Wichtig ist in diesem Kontext dann vor allem, dass wir über die Wachstumsrate hinaus auch die relevanten Ratios bzw. Kenngrößen korrigieren… insbesondere natürlich den Investitionsbedarf je EUR oder USD Umsatz zur Ermittlung der Investitionen.
Anwendungsfälle des Earnings Power Value
Aus der eben dargestellten Analogie zur DCF-Bewertung wird relativ schnell klar, dass die Anwendung des Earnings Power Value Ansatzes nur sinnvoll erscheint, wenn das betrachtete Unternehmen im aktuellen Setup bereits einen positiven Cash Flow erwirtschaftet bzw. mindestens nach Zurückfahren der Wachstumsinvestitionen einen positiven Cash Flow erwirtschaften würde bzw. könnte.
Der EPV eignet sich deshalb aus meiner Sicht ganz generell vor allem für so genannte Zykliker, für Restrukturierungsfälle (Peter Lynch bezeichnet diese als Turnarounds) sowie für etablierte, Cash Flow-positive Unternehmen mit einem überschaubaren Wachstum.

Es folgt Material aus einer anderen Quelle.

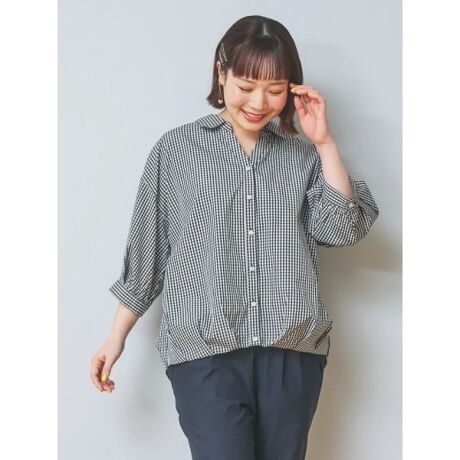 ・裾にタックを寄せることで、フロントインしたようスタイリングを楽しめる。

Für Unternehmen in einem etwas früheren Stadium könnte der EPV-Ansatz ggf. nach Unterstellung einer gewissen Wachstumsphase sinnvoll sein… heißt also z.B. für 5 weitere Jahre zunächst Realisierung eines gewissen Wachstumspotenzials und für die Ermittlung des Endwertes dann Unterstellung eines Null-Wachstums inklusive des beschriebenen Zurückfahrens der bisher aufgewendeten Mittel für die Erzielung weiteren Wachstums (Opex und CapEx).

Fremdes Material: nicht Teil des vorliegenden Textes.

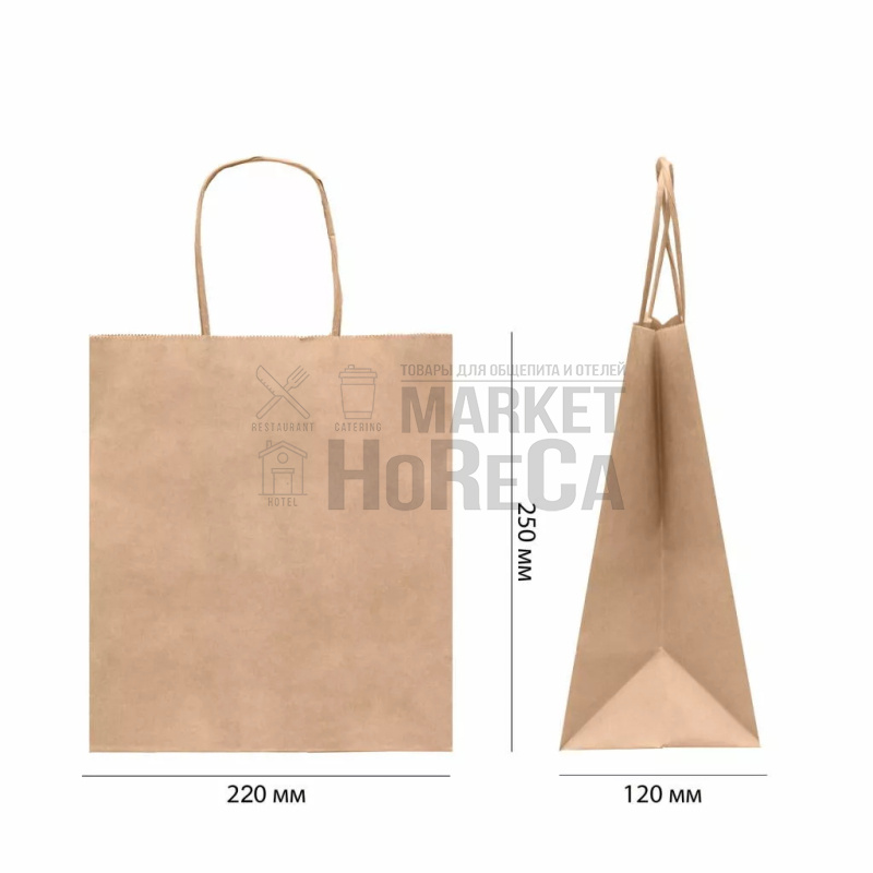 Пакет крафт с крученой ручкой 220х120х250 (1кор*250шт)

Zusammenfassung und Key Take Aways
Der Earnings Power Value bzw. EPV Ansatz ist eine Methode zur Unternehmensbewertung, die auf der Annahme eines zukünftigen Null-Wachstums basiert.

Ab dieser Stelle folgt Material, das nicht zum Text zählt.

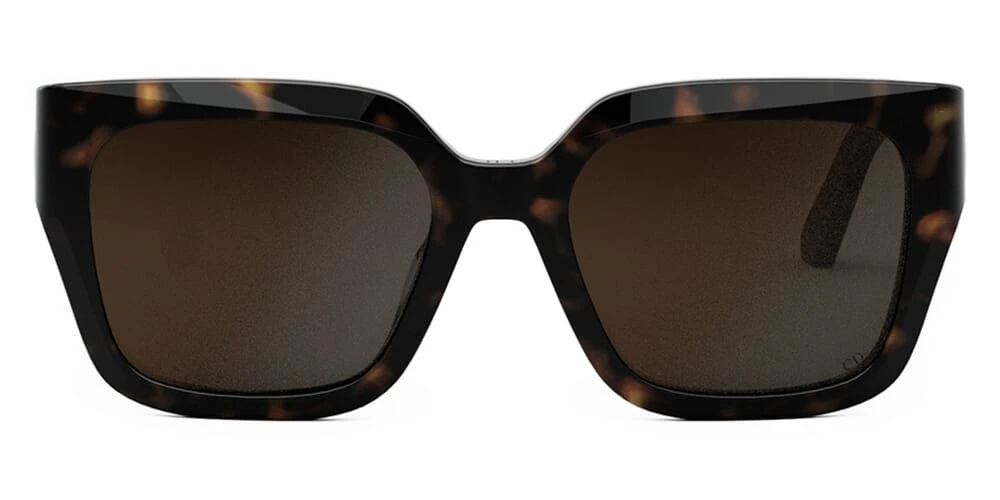 This square Dior sunglass comes in a shiny havana frame with brown lenses.

Damit ist der EPV vergleichbar mit dem Owner Earnings Ansatz von Warren Buffett, unterscheidet sich von diesem allerdings im Hinblick auf den Bewertungsumfang. Während Buffett quasi vom Start weg nur auf die für die Eigentümer zur Verfügung stehenden Cash Flows schaut, nimmt der Earnings Power Value Ansatz im ersten Schritt eine Gesamtunternehmensperspektive ein (Equity Value versus Entity bzw. Enterprise Value).
Aus der Perspektive der konkreten Modellierung in Excel entspricht der Earnings Power Value im Grunde einem DCF-Ansatz, bei dem über den gesamten Betrachtungshorizont (also Detailplanungs- und Terminal Value-Phase) eine Wachstumsrate von Null unterstellt wird.